If we wanted to make a concerted effort to really overhaul the process, what would we do? If we can legitimately concern ourselves with “clean slate” redesign of the Internet as an academic discipline, why not look at our own processes in the same light? I raised this during the rump session of the last HotOS Workshop and it seemed to really get the room talking. The discipline of computer science is clearly ready to have this discussion.

Over the past few months, I’ve been working on and off to flesh out how a clean-slate publishing process might work, taking advantage of our ability to build sophisticated tools to manage the process, and including a story for how we might get from here to there. I’ve written this up as a manuscript and I’d like to invite our blog readers, academic or otherwise, to read it over and offer their feedback. At some point, I’ll probably compress this down to fit the tight word limit of a CACM article, but first things first.

Have a look. Post your feedback here on Freedom to Tinker or send me an email and I’ll followup, no doubt with a newer draft of my manuscript.

Comments

  1. Michael says:

    I’ve seen you post on this issue before, and I am glad to see that you are doing something to address the issue. However, there is a related problem that should be considered, as well: post-Ph.D. employment.

    Looking at the Taulbee Survey (http://www.cra.org/resources/taulbee/), you can see that, in 2007-2008, the U.S. and Canada produced 1877 new Ph.D.s. In that same time frame, there were only 140 new tenure-track faculty positions at research universities. To make matters worse, a number of people are taking positions at research labs solely to bide time until they apply again. So there is a back-log of people trying for these positions.

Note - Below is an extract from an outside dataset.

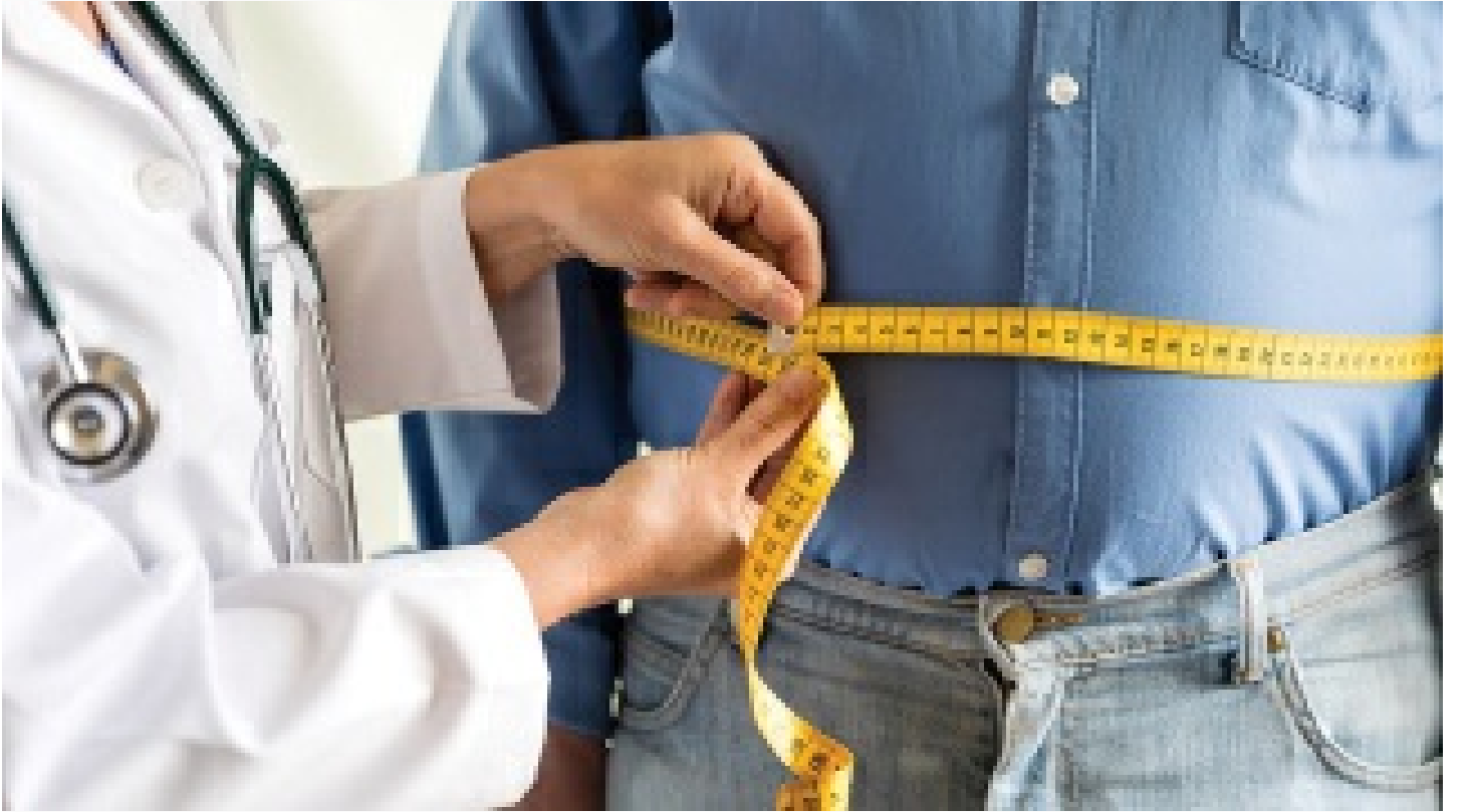
Kovid-19 salgını obeziteyi de artıracak

    This clearly has an impact on the publication problem. The field is so competitive that you only have a chance at these lucrative spots if you’ve got 10 or more conference publications as a grad student. But does trying to publish that much really encourage good research?

    I’ve got one paper that was recently rejected for the fourth time. Nearly every time I’ve submitted it, the reviews came back as three “weak accepts.” None of the reviews has pointed out any major flaws with the work. And yet, it has gotten repeatedly rejected.

    I’ve long since given up on the idea of going to a research university. It’s not that I don’t like research. It’s not that I don’t care about security. I actually have a very large number of what I think are good ideas. I think, given enough time and cultivation, these ideas could eventually have a real impact. But I don’t have a chance at even applying with my publication record.

    At this point, I’m just hoping that I can get a job at a teaching college, preferably teaching material that is more complex than Visual Basic macros. Sour grapes? Perhaps.

    • dwallach says:

      Market forces work against you, and many others just like you. I’d like to reengineer the incentives such that you need to produce maybe two blockbusters rather than ten whatever papers. If you and everybody else could focus your energy on those instead, then maybe you’d come out better.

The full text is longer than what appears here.